Neurobiology of wild and hatchery-reared Atlantic salmon: How nurture drives neuroplasticity

Abstract

Life experiences in the rearing environment shape the neural and behavioral plasticity of animals. In fish stocking practices, the hatchery environment is relatively stimulusdeprived and does not optimally prepare fish for release into the wild. While the behavioral differences between wild and hatchery-reared fish have been examined to some extent, few studies have compared neurobiological characteristics between wild and hatchery-reared individuals. Here, we compare the expression of immediate early gene cfos and neuroplasticity marker brain-derived neurotrophic factor (bdnf) in telencephalic subregions associated with processing of stimuli in wild and hatcheryreared Atlantic salmon at basal and 30 min post (acute) stress conditions. Using in situ hybridization, we found that the expression level of these markers is highly specific per neuronal region and affected by both the origin of the fish, and exposure to acute stress. Expression of cfos was increased by stress in all brain regions and cfos was more highly expressed in the Dlv (functional equivalent to the mammalian hippocampus) of hatcheryreared compared to wild fish.

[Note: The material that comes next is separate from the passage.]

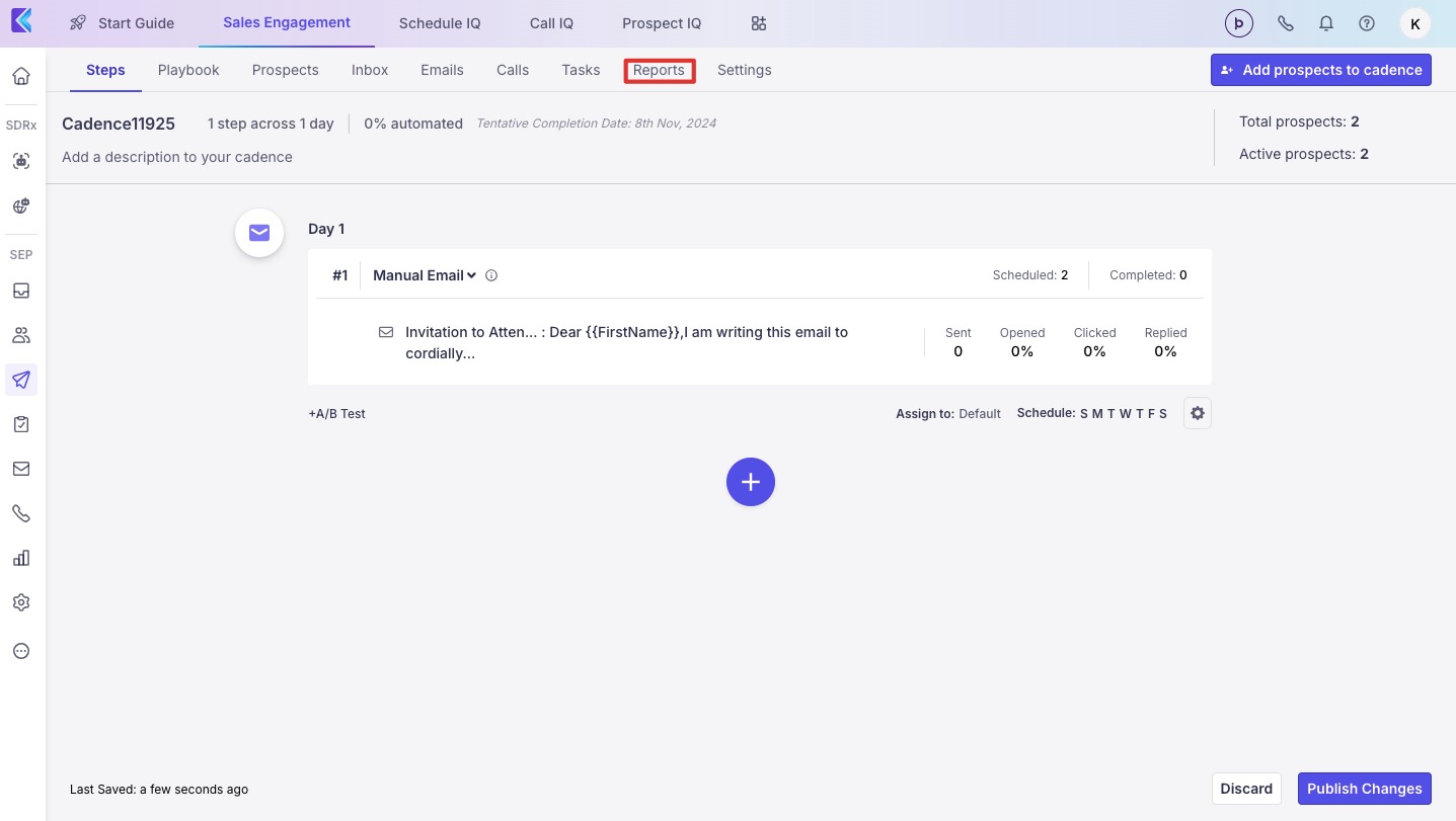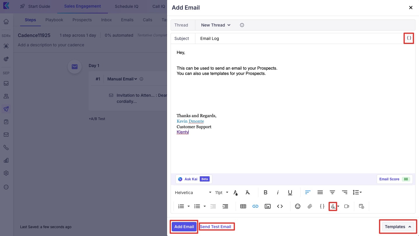 Once you select the template you want to use, you can modify it to suit your cadence if required, then click on Insert to Cadence.

Expression of bdnf was higher overall in hatchery fish, while acute stress upregulated bdnf in the Dm (functional equivalent to the mammalian amygdala) of wild, but not hatchery individuals. Our findings demonstrate that the hatchery environment affects neuroplasticity and neural activation in brain regions that are important for learning processes and stress reactivity, providing a neuronal foundation for the behavioral differences observed between wild and hatchery-reared fish.